Commissioner v. Duberstein
363 U.S. 278 (1960)

  • Duberstein ran the Duberstein Iron & Metal Company. He often gave business tips to a guy named Berman who ran a similar company. Berman made money from the tips, and was so grateful he gave Duberstein a brand new car as a present.
    • Berman's company deducted the cost of the car as a business expense, but Duberstein did not include the value of the car in his gross income.
  • The IRS claimed that Duberstein was required to include the value of the car as gross income. Duberstein objected.
      • Duberstein considered the car to be a gift (see 26 U.S.C. 102(a)).
  • The Tax Court found for the IRS. Duberstein appealed.
  • The Appellate Court reversed. The IRS appealed.
    • The IRS argued that the car was obviously intended by Berman to be payment for the business advice Duberstein gave him.

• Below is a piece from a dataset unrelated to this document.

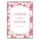 This elegant wedding tabletop sign features a classic design with a central rectangular frame outlined in red, showcasing the words "CARDS and GIFTS" in bold serif typography and "THANK YOU" in a lighter weight. The background is adorned with intricate pastoral scenes in a deep red hue, creating a charming and traditional look. The overall color palette of red and white enhances the sophisticated aesthetic, making it perfect for expressing gratitude at formal occasions. The detailed illustrations evoke a sense of nostalgia, ideal for adding a touch of refinement to your event decor.
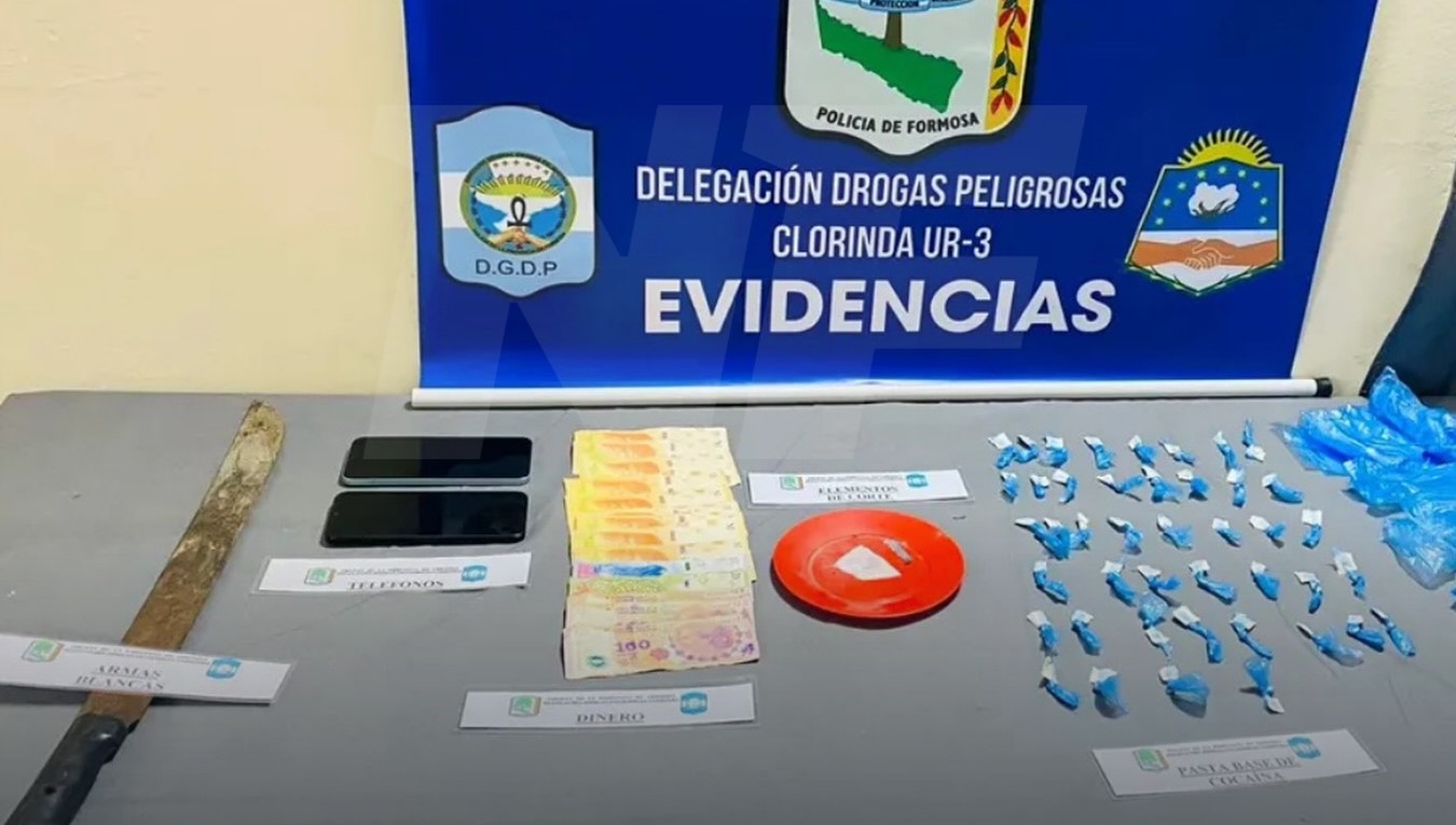 En el lugar, además de las dosis de cocaína, se secuestraron un plato y una gillette con restos de la sustancia, $10.000 en efectivo, dos teléfonos celulares, un machete y recortes de nylon utilizados para el fraccionamiento.

    • Duberstein argued that Berman was under no legal obligation to provide the car, therefore it must be a gift.
  • In a separate case, Stanton was working for the Trinity Church. He resigned, and in appreciation for his years of years of service (or maybe just to get rid of him and keep him quiet), the Church gave Stanton $20k.
  • The IRS claimed that Stanton needed to include the $20k in his gross income. Stanton objected.
    • Stanton considered the $20k to be a gift.
  • The Trial Court found for Stanton. The IRS appealed.
    • The IRS argued that the $20k was payment for Stanton's services.
    • Stanton argued that the Church was under no legal obligation to provide the $20k, therefore it must be a gift.
  • The Appellate Court reversed. Stanton appealed.
  • The US Supreme Court combined both cases.
  • The US Supreme Court found against Duberstein, but remanded as to Stanton.
    • The US Supreme Court found that Duberstein's car was not a gift because it was given to him either as compensation for the customer references he gave to Berman or to encourage Duberstein to give more references in the future.
    • The Court remanded on Stanton to ask the question whether the $20k was really a gift, or was a payout in order to encourage Stanton to resign. If it was, then it is compensation, not a gift.
  • The basic rule illustrated in this case is that in order to be considered a gift, the item must be given with no expectation of getting something in return, or in response to receiving something of value.
    • Gifts are the result of "detached and disinterested generosity", while payments are given as an "involved and intensely interested" act.
    • In other words, it is the intention of the transferor that is controlling as to whether a transfer is a gift.
      • That's a question of fact for a jury to decide.
    • The court rejected IRS's suggestion to establish the presumption that if there is an economic relationship between the person who gives the gift and the recipient, then the transfer of property is attributable to the economic relationship, even though there is a personal relationship as well.